The findings of the present study demonstrated that D-cycloserine increased the susceptibility of VRSA strains to vancomycin. Moreover, vancomycin combined with D-cycloserine exhibited therapeutic effects in the silkworm VRSA infection model. This is a first report that D-cycloserine is synergistically effective with vancomycin against infectious disease caused by VRSA.

In the peptidoglycan biosynthesis of S. aureus, vancomycin inhibits the crosslinking of sugar chains by associating with D-alanine–D-alanine (D-Ala–D-Ala), which binds to a growing end of the GlcNac–MurNac chain.25 On the other hand, D-cycloserine inhibits the synthetic reaction of D-Ala–D-Ala dipeptide from two molecules of D-alanines, leading to a decrease in the supply of D-Ala–D-Ala, which is essential for peptidoglycan biosynthesis.26 Moreover, D-cycloserine increases the in vitro sensitivity of MRSA to daptomycin whose therapeutic mechanism involves the cell membrane and cell wall.27 We consider that a low concentration of D-cycloserine, which apparently does not exhibit antibacterial activity, might alter the structure of the cell surface to increase the susceptibility of bacteria to vancomycin. Further elucidation of the detailed molecular mechanism underlying the synergistic effects of vancomycin and D-cycloserine is a subject of future research.

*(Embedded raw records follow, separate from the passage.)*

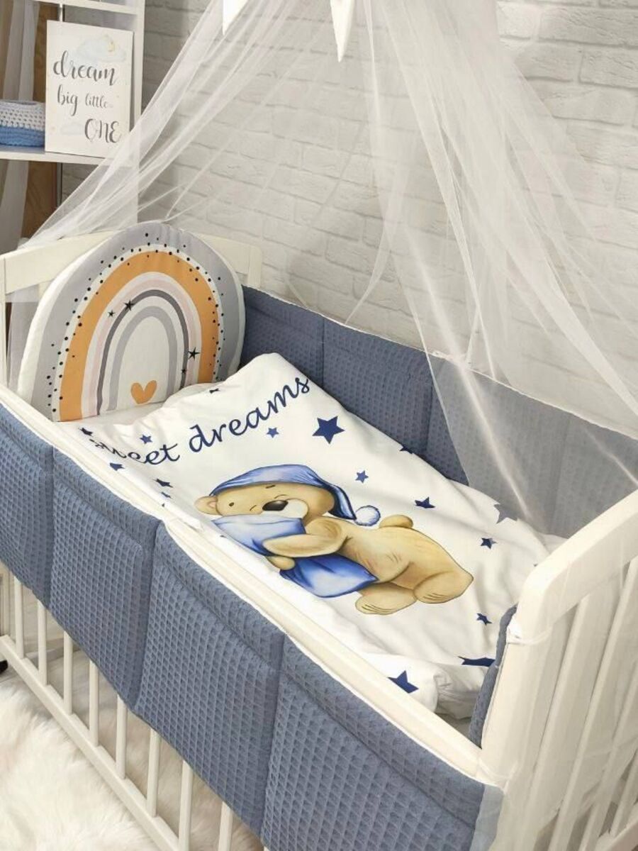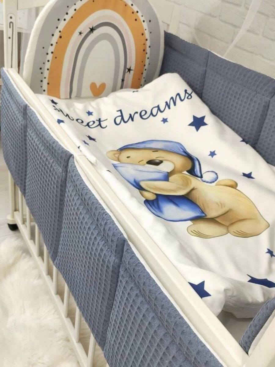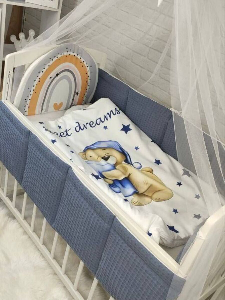 Набір підходить для всіх типів дитячих ліжечок. Яскравий і комфортний набір не залишить байдужим жодного малюка
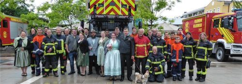 Die Freiwillige Feuerwehr Kolbermoor hatte am Rathaus einen besonderen Großeinsatz. Diesmal musste sie aber nicht zu einem Feuer oder Unfall ausrücken, sondern zur Hochzeit eines Mitgliedes. Und die Kollegen rückten mit einem Großaufgebot an, um dem Brautpaar Katharina und Sebastian Gmeiner zu gratu
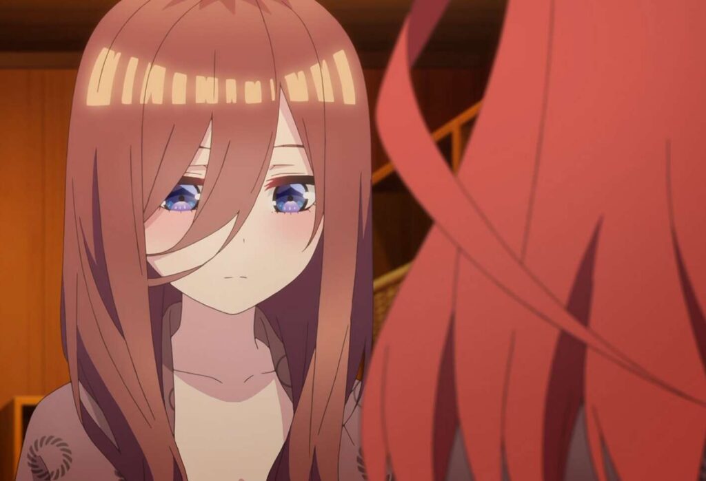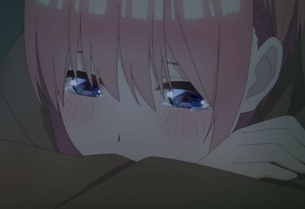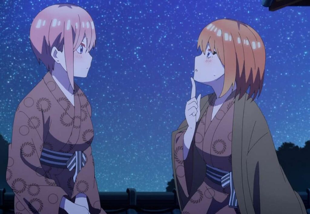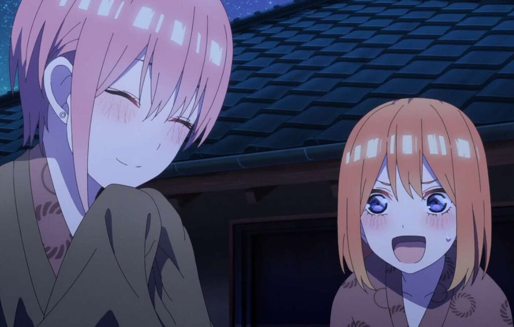 四葉に励まされ、あらためて一花は自分のしたい事を考え、誰にも取られたくなかったと言います。自分のしたいことに気付いた一花は笑顔になり、四葉に部屋に戻ろうと言います。

We propose the administration of combinations of antibiotics whose clinical use was terminated due to the emergence of resistant bacteria as a general treatment strategy for drug-resistant bacterial infection. Abundant clinical data are available regarding the toxicity, pharmacokinetics and side effects of these antibiotics. We previously reported that the combination of a β-lactam and vancomycin was effective against a vancomycin-highly resistant strain.8 Based on these findings, we have proposed the concept ‘drug re-use’ for the treatment of infectious diseases. Here we demonstrated that the combination of D-cycloserine and vancomycin was also effective. These findings support the potential usefulness of ‘drug re-use’ as an approach toward developing effective treatments for infectious diseases caused by multidrug resistant bacteria.

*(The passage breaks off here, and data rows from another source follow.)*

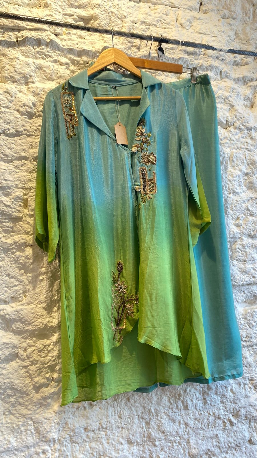 Make a bold yet breezy statement with our Tropical Dusk 2-Piece Co-ord Set. Designed in a fluid ombré blend of green and teal, this ensemble is highlighted with intricate gold embellishments that add just the right touch of glam. The relaxed-fit top with handcrafted details pairs effortlessly with wide-leg pants, creating a look that’s perfect for brunches, resort evenings, or festive get-togethers.
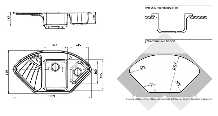 Кухонная мойка GranFest Corner GF-C-1040E предназначена для установки в частных домах, квартирах, офисах, отелях, гостиницах и на различных предприятиях для мытья столовых принадлежностей, посуды, приборов, инвентаря и продуктов питания. Модель оснащена дополнительной раковиной и крылом для сушки посуды. Изделие выполнено из мрамора, который устойчив к образованию пятен и воздействию высоких температур. Особенности:
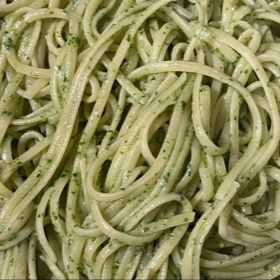 Stir the pesto into the pasta, drizzle in more olive oil if desired, and serve immediately.
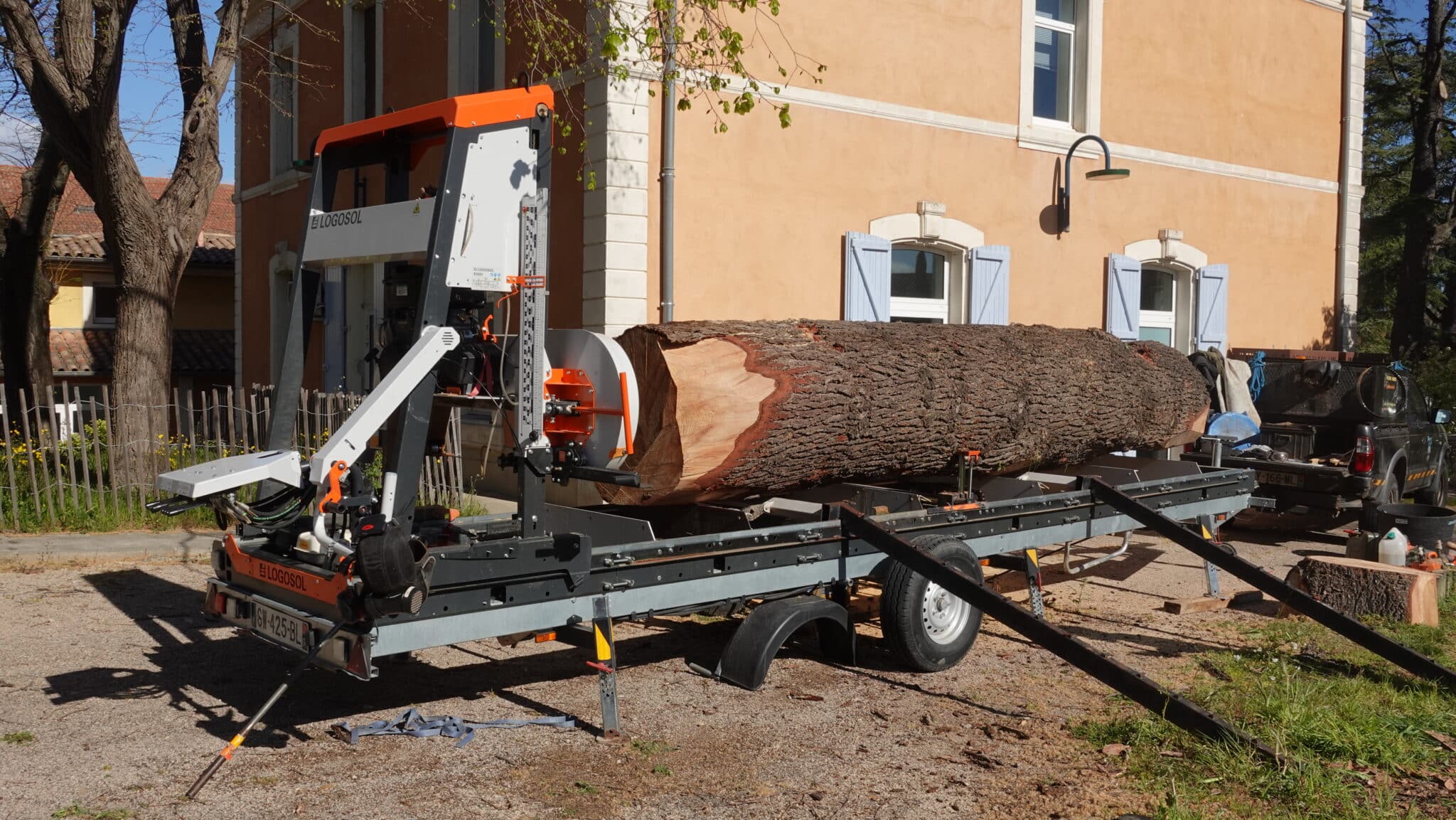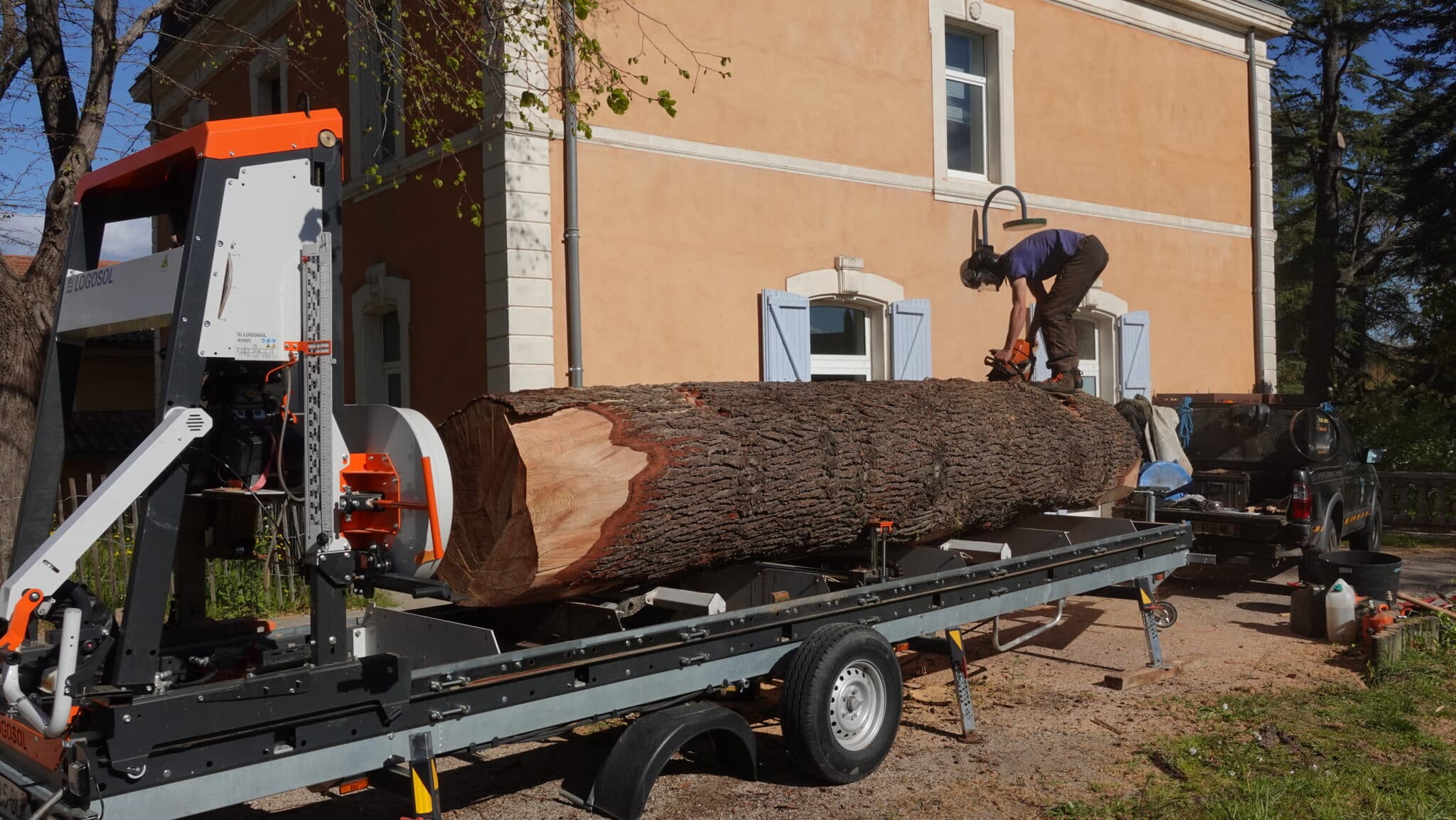 Plutôt que de laisser ce bois inexploité, la Communauté de communes a fait le choix de le valoriser localement. Le cèdre, qui mesurait près de 10 mètres de haut pour un tronc de 92 cm de diamètre, a été débité directement sur site grâce à une scierie mobile.
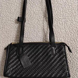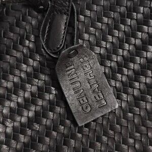 Leather Black Weaved Shoulder Bag

As the genetic background of artificially generated VRSA strains used in this study is different to the clinical isolated VRSA strains that possess vanA gene, further studies will be required to evaluate the synergistic effects of vancomycin and D-cycloserine against the clinical isolated VRSA. As vancomycin-intermediate-resistant S. aureus strains are more frequently isolated in clinical infection than with VRSA strains, examination of efficacy of vancomycin in combination with D-cycloserine against vancomycin-intermediate-resistant S. aureus strains will be also important in future study. Moreover, elucidation of the effects using mouse infection models will be needed.

In conclusion, we found that D-cycloserine, a drug used mainly to treat tuberculosis patients, increased the effectiveness of vancomycin against VRSA. On the other hand, D-cycloserine has considerable toxicity when used at the doses to treat tuberculosis, but we expect that at lower doses where we have demonstrated synergy with vancomycin, D-cycloserine could be better tolerated. Further in vitro and in vivo studies will be required before clinical use for the treatment of resistant S.aureus infections.